## Task to complete
Using the listing below, copy exactly each line from the one that has "145Handmade bamboo pillow." through the one that has "Regionální týdeník Znojemsko"; omit the pictures.

===== Given records

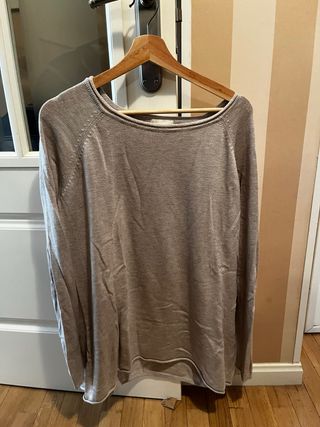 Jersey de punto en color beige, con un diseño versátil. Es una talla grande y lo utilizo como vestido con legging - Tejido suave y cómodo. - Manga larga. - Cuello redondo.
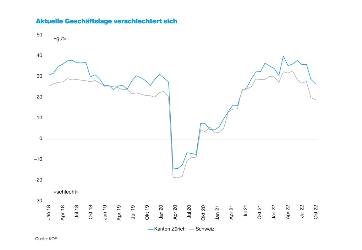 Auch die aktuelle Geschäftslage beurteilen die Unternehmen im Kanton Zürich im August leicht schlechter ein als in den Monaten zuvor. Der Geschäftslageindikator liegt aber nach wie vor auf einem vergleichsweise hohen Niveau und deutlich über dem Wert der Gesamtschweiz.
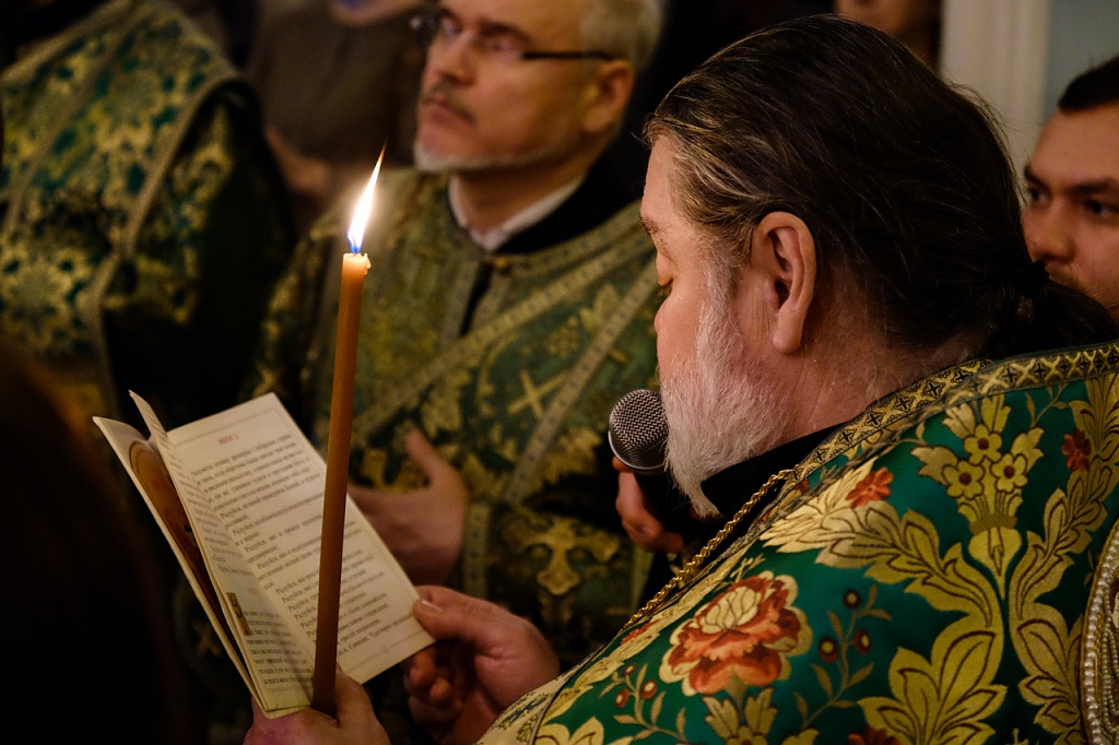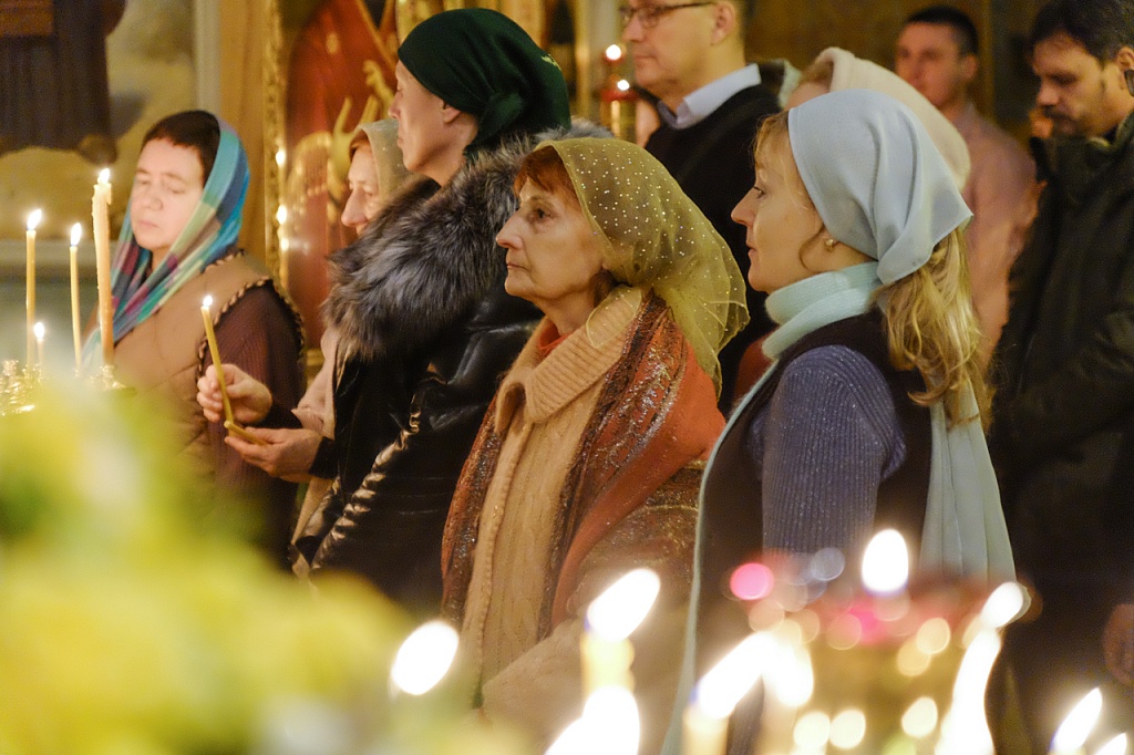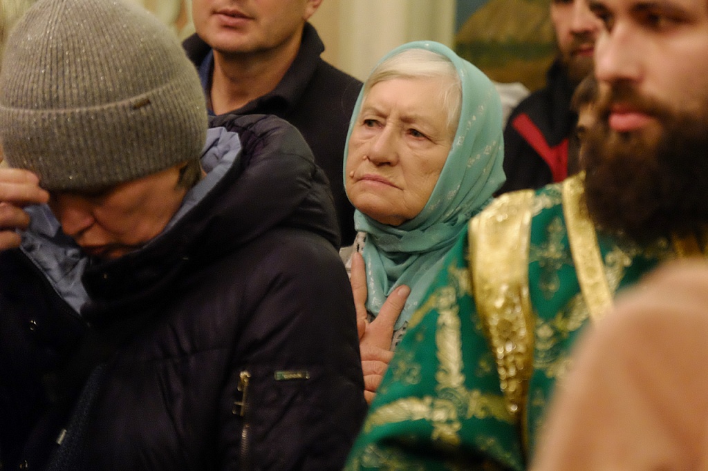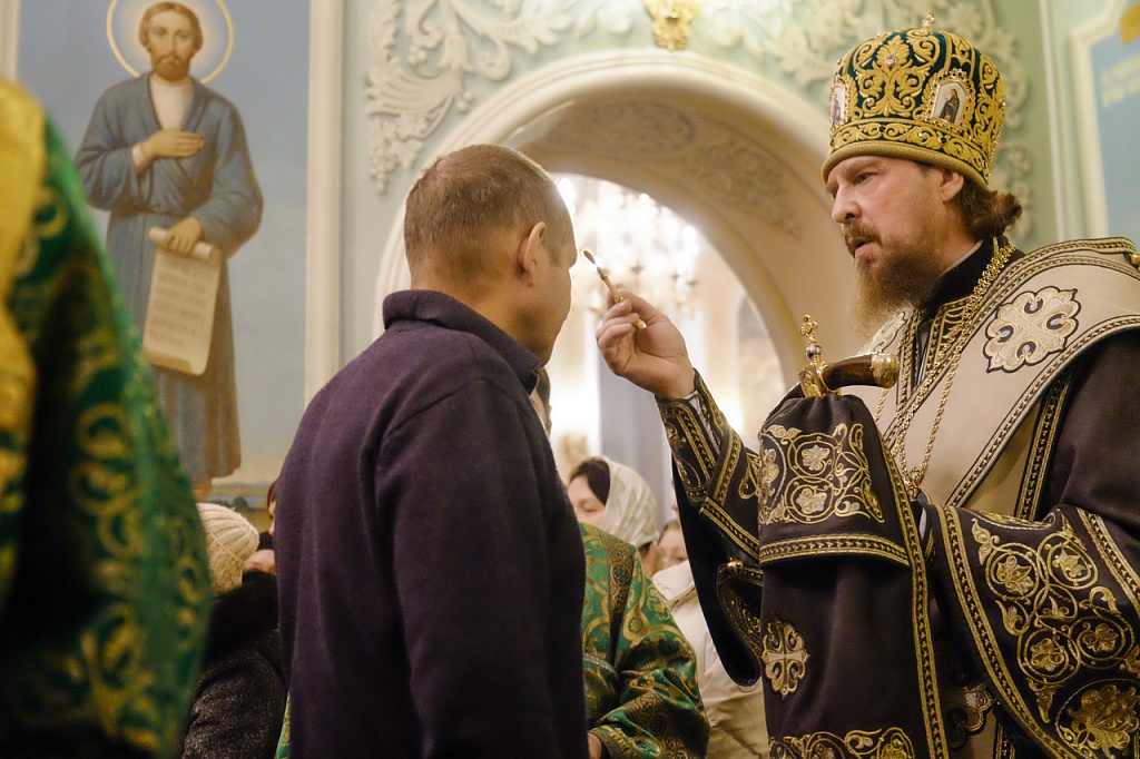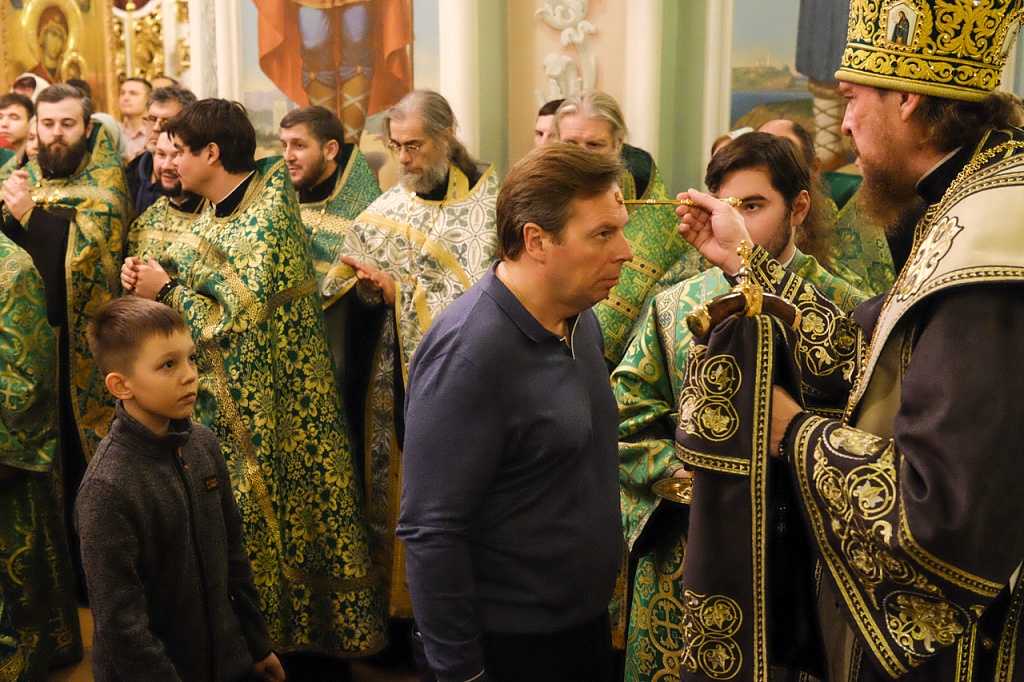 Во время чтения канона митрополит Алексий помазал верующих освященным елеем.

==========
===== Given records

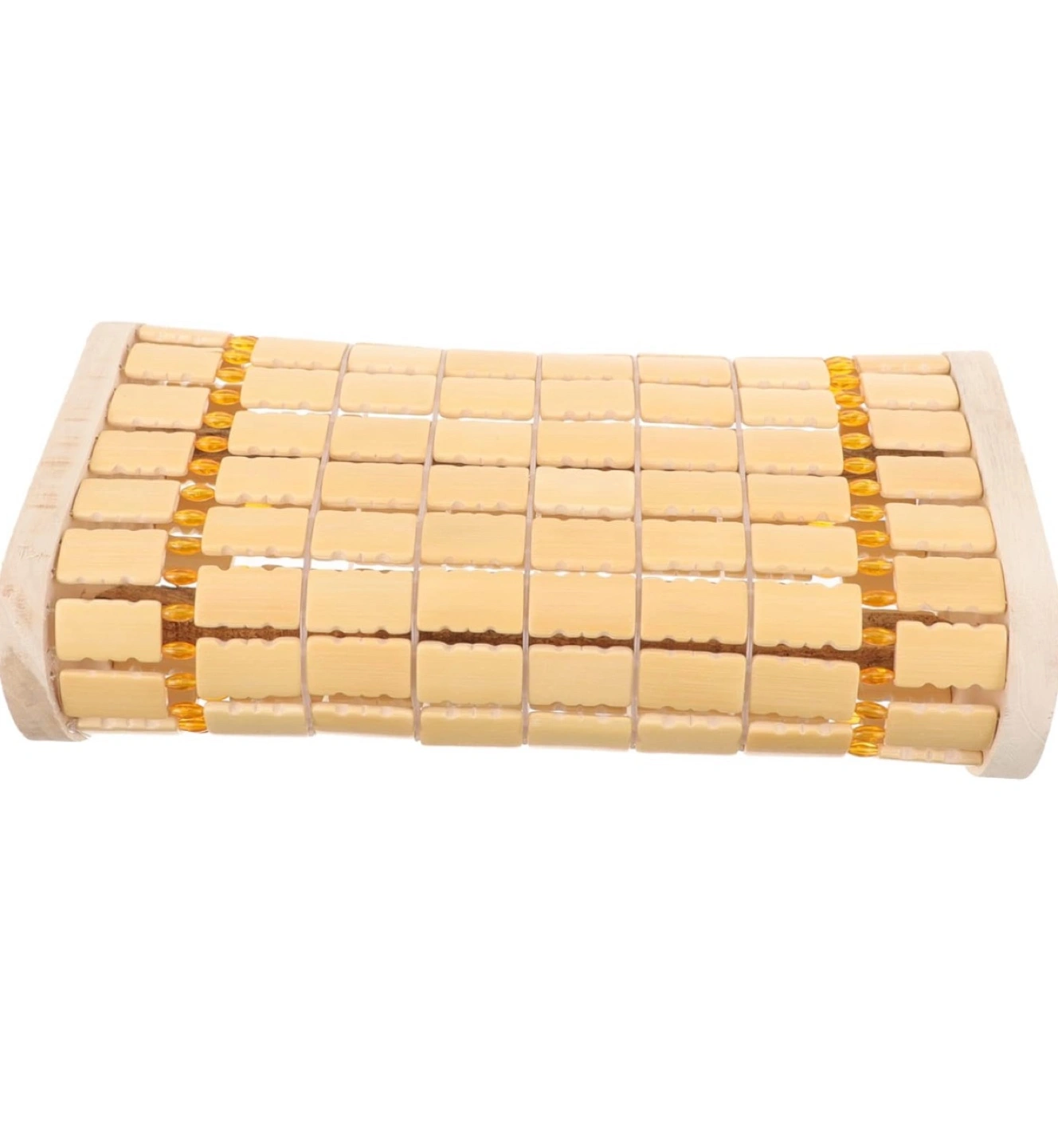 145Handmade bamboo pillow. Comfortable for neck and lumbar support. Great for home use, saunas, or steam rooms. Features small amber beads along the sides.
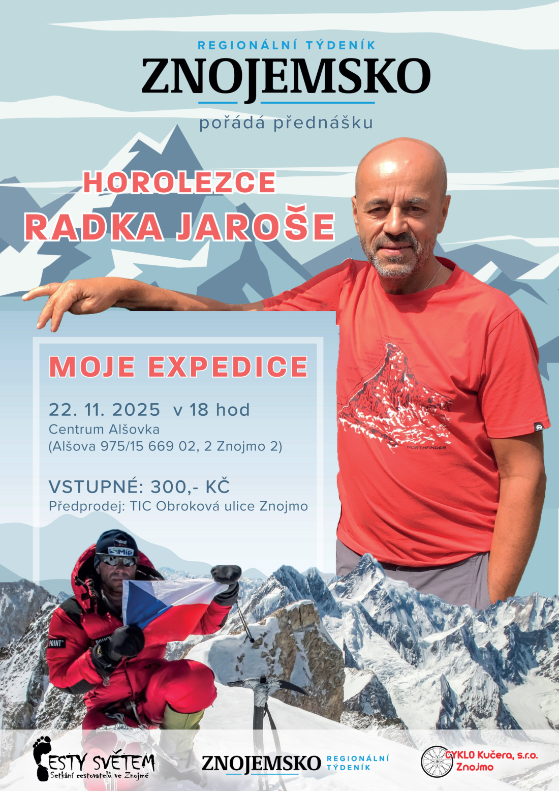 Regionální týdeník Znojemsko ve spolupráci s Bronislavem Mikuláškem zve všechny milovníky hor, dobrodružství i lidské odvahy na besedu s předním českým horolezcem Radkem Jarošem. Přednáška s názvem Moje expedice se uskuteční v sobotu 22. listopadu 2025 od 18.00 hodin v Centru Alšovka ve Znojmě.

==========

## Task result
 145Handmade bamboo pillow. Comfortable for neck and lumbar support. Great for home use, saunas, or steam rooms. Features small amber beads along the sides.
 Regionální týdeník Znojemsko ve spolupráci s Bronislavem Mikuláškem zve všechny milovníky hor, dobrodružství i lidské odvahy na besedu s předním českým horolezcem Radkem Jarošem. Přednáška s názvem Moje expedice se uskuteční v sobotu 22. listopadu 2025 od 18.00 hodin v Centru Alšovka ve Znojmě.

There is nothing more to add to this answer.